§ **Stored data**
────

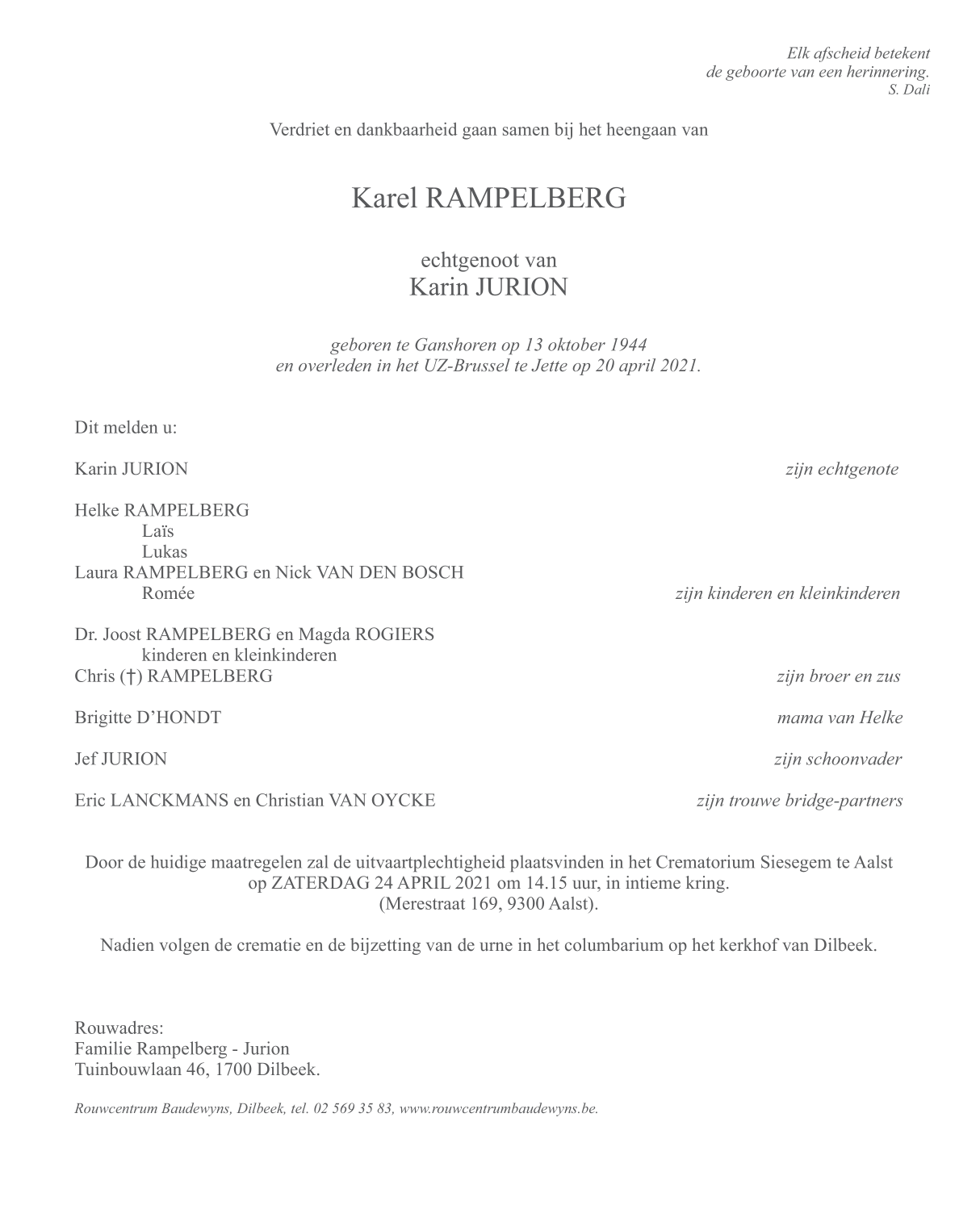 Décédé à Jette (1090) le mardi 20 avril 2021 à l'âge de 76 ans
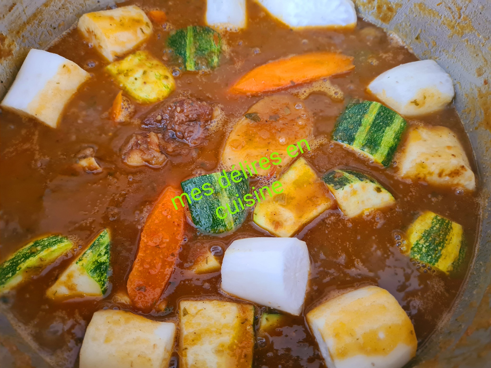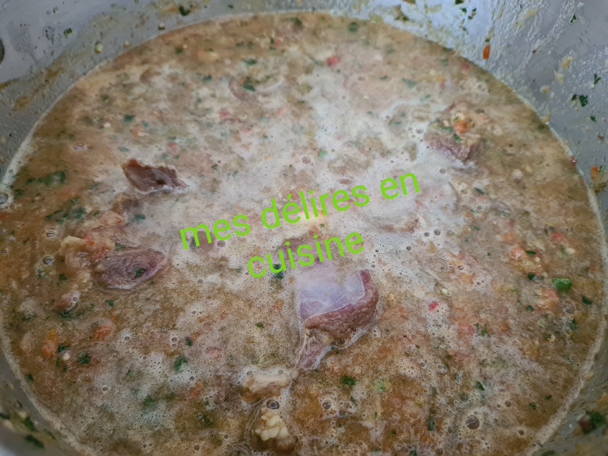 - Couvrez et laissez cuire à feu moyen pendant 1 heure (ajustez selon la tendreté de la viande).
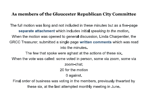 On September 27th, the real and actual Gloucester Republican City Committee held its first monthly meeting without interference from Sova, Bjorlie and their cohorts. According to a follow-up email from Chairwoman Sullivan, the meeting was “very calm and productive,” they enjoyed a “peaceful discussion,” and the “meeting progressed in accordance with the agenda.”11
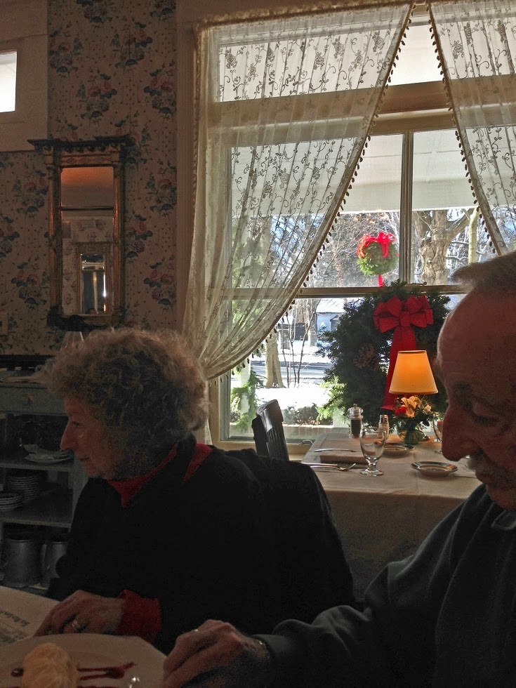 Today, we went to Stockbridge, Massachusetts where we met Vick’s Aunt Sheila and Uncle Charlie, and his daughter, Tina, her husband Charlie and one son Tate for lunch at the Red Lion Inn. When we arrived, there was a harpist playing in the lobby by a burning fireplace and beautiful ten foot Christmas tree.
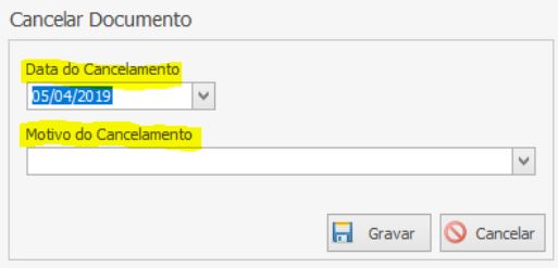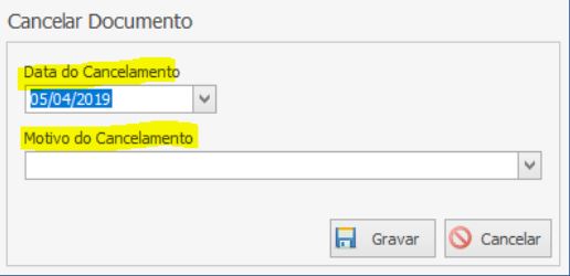 Será exibida a tela de Cancelar Documento. Informe a Data do Cancelamento e o Motivo do Cancelamento.
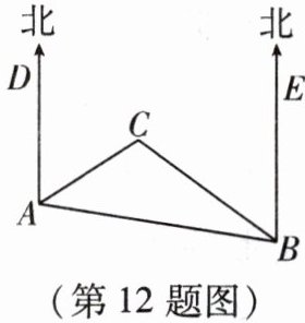 12. 如图,$ C $ 岛在 $ A $ 岛的北偏东 $ 50^{\circ} $ 方向上,在 $ B $ 岛的北偏西 $ 60^{\circ} $ 方向上,$ A $ 岛在 $ B $ 岛北偏西 $ 80^{\circ} $ 方向上,则从 $ C $ 岛看 $ A $,$ B $ 两岛的视角 $ \angle ACB $ 为
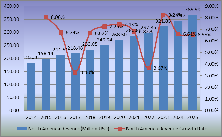 圖:美國廚房刀具收入(百萬美元)和增長率(2014-2025年)
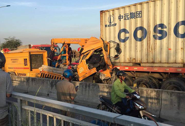 Xe cứu hộ dính chặt vào đuôi xe container
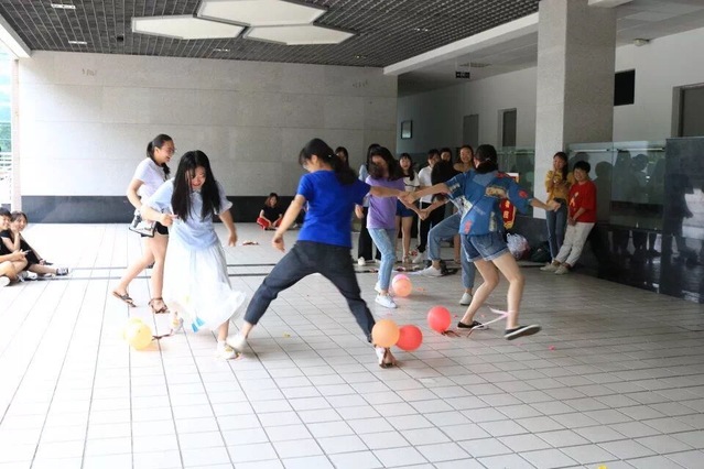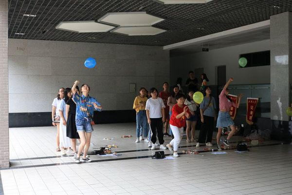 首先,干部们进行了拍气球比赛。比赛开始,第一个人将气球抛向空中,用手拍气球使其处于悬空状态,相互接力使其前进。队员们都在为各自的队伍加油打气。第二组率先传递完成,获得了零食礼包一份。而作为惩罚,最后完成传递的小组为大家演唱了歌曲。
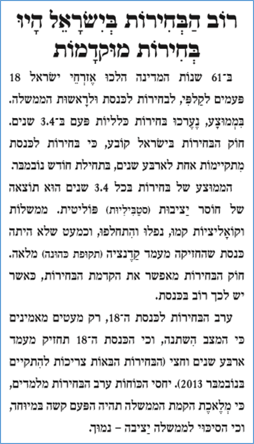 רוב הבחירות בישראל היו בחירות מוקדמות, גיליון 1529 - ט"ז בשבט תשס"ט, 10 בפברואר 2009
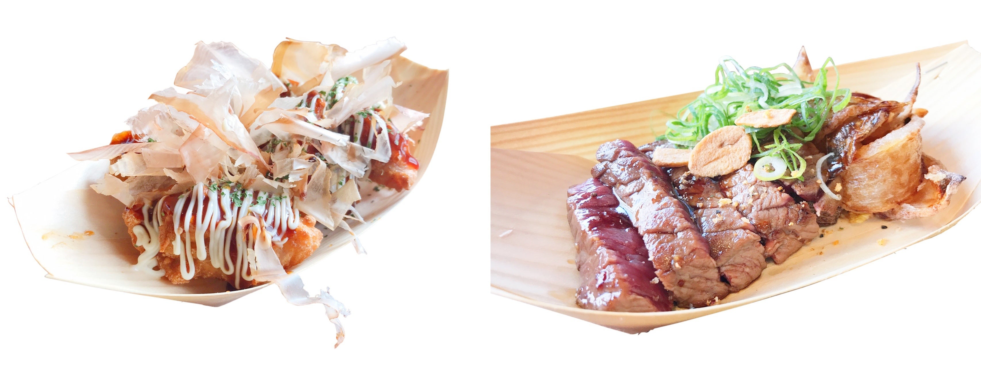 箕面ビールが隠し味のたこ焼き風唐揚げと、泉州玉ねぎと河内ワインが味の決め手のステーキ

────

§ **About this exercise**
All of the lines above should be printed exactly, minus the pictures.

§ **Response to this task**
 Décédé à Jette (1090) le mardi 20 avril 2021 à l'âge de 76 ans
 - Couvrez et laissez cuire à feu moyen pendant 1 heure (ajustez selon la tendreté de la viande).
 On September 27th, the real and actual Gloucester Republican City Committee held its first monthly meeting without interference from Sova, Bjorlie and their cohorts. According to a follow-up email from Chairwoman Sullivan, the meeting was “very calm and productive,” they enjoyed a “peaceful discussion,” and the “meeting progressed in accordance with the agenda.”11
 Today, we went to Stockbridge, Massachusetts where we met Vick’s Aunt Sheila and Uncle Charlie, and his daughter, Tina, her husband Charlie and one son Tate for lunch at the Red Lion Inn. When we arrived, there was a harpist playing in the lobby by a burning fireplace and beautiful ten foot Christmas tree.
 Será exibida a tela de Cancelar Documento. Informe a Data do Cancelamento e o Motivo do Cancelamento.
 12. 如图,$ C $ 岛在 $ A $ 岛的北偏东 $ 50^{\circ} $ 方向上,在 $ B $ 岛的北偏西 $ 60^{\circ} $ 方向上,$ A $ 岛在 $ B $ 岛北偏西 $ 80^{\circ} $ 方向上,则从 $ C $ 岛看 $ A $,$ B $ 两岛的视角 $ \angle ACB $ 为
 圖:美國廚房刀具收入(百萬美元)和增長率(2014-2025年)
 Xe cứu hộ dính chặt vào đuôi xe container
 首先,干部们进行了拍气球比赛。比赛开始,第一个人将气球抛向空中,用手拍气球使其处于悬空状态,相互接力使其前进。队员们都在为各自的队伍加油打气。第二组率先传递完成,获得了零食礼包一份。而作为惩罚,最后完成传递的小组为大家演唱了歌曲。
 רוב הבחירות בישראל היו בחירות מוקדמות, גיליון 1529 - ט"ז בשבט תשס"ט, 10 בפברואר 2009
 箕面ビールが隠し味のたこ焼き風唐揚げと、泉州玉ねぎと河内ワインが味の決め手のステーキ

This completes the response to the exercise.